Serial-Raja Ulugh Beg, Rektor Bintang Dibunuh Intrik (1): Ini Samarkand, Bung!

Breaking News
- Advertisement -

 

by: Muhammad Joni

Mudanews.com OPINI – Pagi itu, kota Samarkand seperti museum terbuka. Matahari muncul dari balik kubah biru Registan. Sang surya menyinari mosaik kaligrafi yang berkilau seperti serpihan kaca.

Jalanan dipenuhi turis dengan kamera. Penjual suvenir dengan khas topi karakul –qarakul do’ppi dari kulit domba ringan– dan menyeruak aroma roti khas Uzbek yang baru keluar dari tungku tanah liat.

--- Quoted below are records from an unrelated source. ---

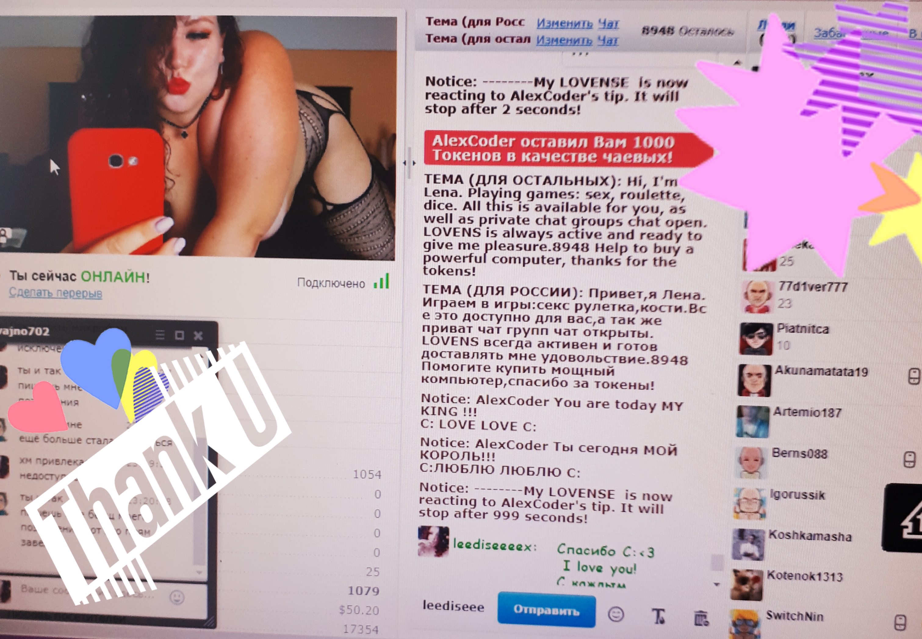 Premendo il tasto, farai sì che la modella leediseeeex raggiunga per 60 secondi la prima posizione nella pagina principale. Durante questo periodo, la chat room della modella diventerà più visibile e incredibilmente popolare! Una notifica in merito alla tua azione apparirà all’interno della chat, visibile alla modella e a tutti gli altri utenti della chat. leediseeeex apprezzerà certamente questo gesto e te ne sarà immensamente grata!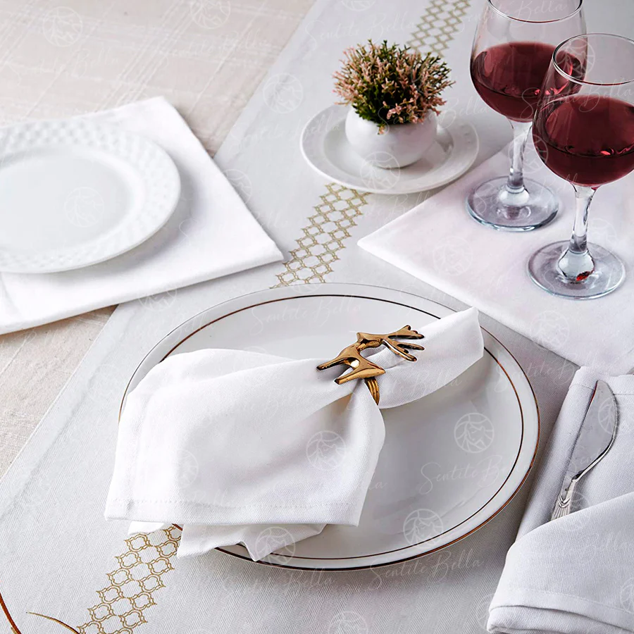 – **Comodidad**: Con una medida de 40 cm x 40 cm, nuestras servilletas son ideales para uso diario. Su terminación en doblez las hace fáciles de cuidar y lavar.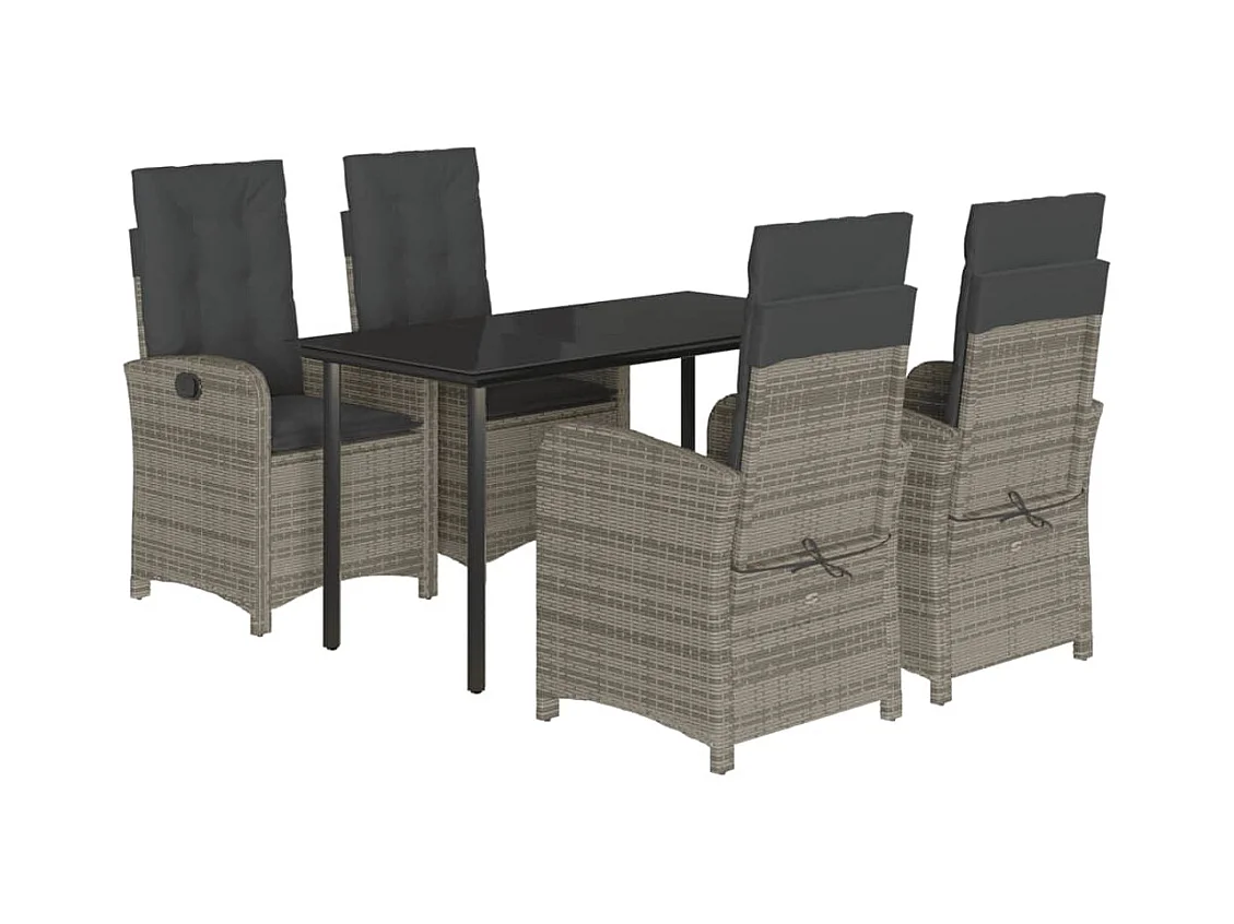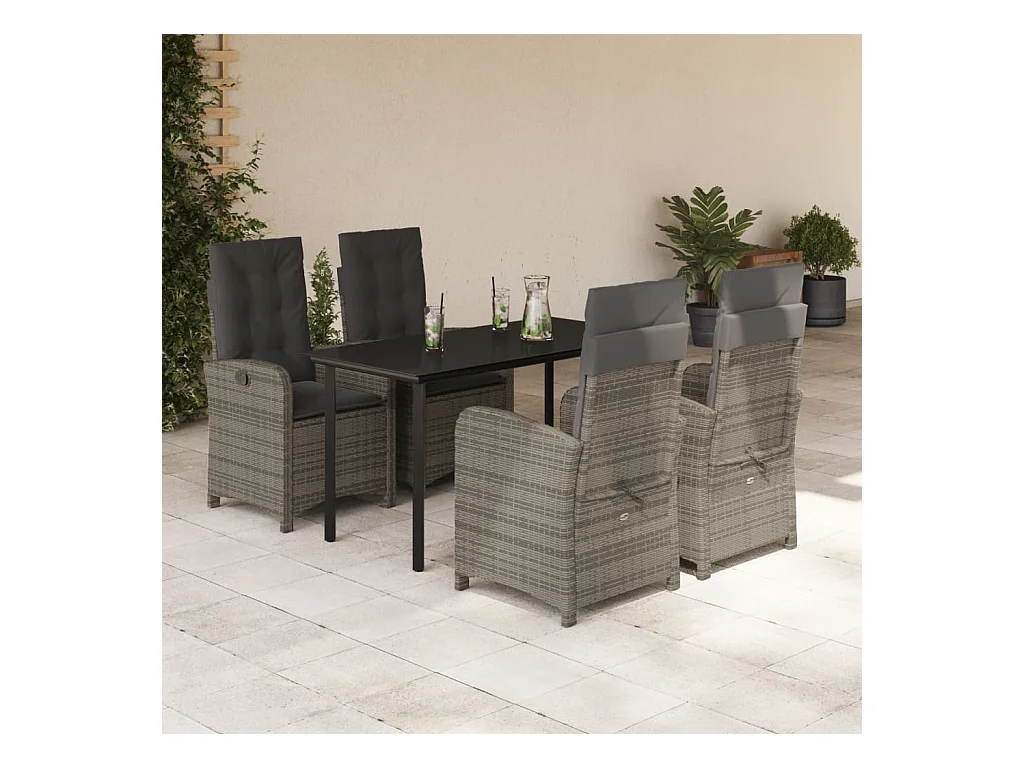 Ensemble à manger de jardin 5 pcs coussins gris résine tressée

Namun bagi mereka yang peka, setiap batu di kota berseni ini bukan sekadar artefak, melainkan saksi bisu dua kekuatan yang selalu berseteru: pedang Amir Timur dan bintang Ulugh Beg.

Patung Amir Timur menjulang di alun-alun utama. Wajahnya keras. Sorban menjulang. Sorot matanya menatap sampai jauh. Uhh.., seolah menembus masa depan. Dia duduk dengan gulungan di tangan, simbol visi dan kekuasaan.

Para pemandu wisata berbisik pada rombongan: “Itulah Tamerlane, panglima besar abad ke-14. Dari Samarkand, Amir Temur menaklukkan Persia, India, hingga Anatolia.”

Amir Timur lahir dari tanah stepa. Dia tumbuh sebagai prajurit. Dan, menjadi penguasa imperium yang membentang dari Delhi hingga Damaskus. Tangannya berlumuran darah, tetapi juga berlumuran cat arsitektur. Yang membangun Masjid Bibi-Khanym nan megah. Dia mendirikan Gur-e-Amir—makamnya sendiri—yang kini menjadi magnet sejarah.
Baginya, kota bukan sekadar permukiman, tapi monumen menceritakan geliat kejayaan dan etos kepemimpinan kepada zaman.

Namun di balik segala monumen itu, ada paradoks. Amir Timur membangun Samarkand dengan pedang. Dia memindahkan ribuan pengrajin dari kota yang ditaklukkan ke ibu kota barunya, memaksa mereka mendirikan madrasah, masjid, dan taman. Samarkand tumbuh, tapi darah mengalir di fondasinya demi kuasa.

Lalu, datanglah cucunya: Ulugh Beg (1394–1449). Berbeda dengan sang kakek, ia tak memegang pedang, melainkan pena dan teropong bintang. Dia tak membangun benteng, melainkan observatorium si mata planet bumi ke langit.

Jika Amir Timur menaklukkan bumi, maka Ulugh Beg ingin menaklukkan rahasia langit. Jalan takluk total kepada Tuhan.

Pedang di Tangan Timur

Amir Timur dikenal sebagai panglima yang tak kenal ampun. Dalam setiap pertempuran, dia tak hanya mengalahkan musuh, tapi juga mengukir pesan.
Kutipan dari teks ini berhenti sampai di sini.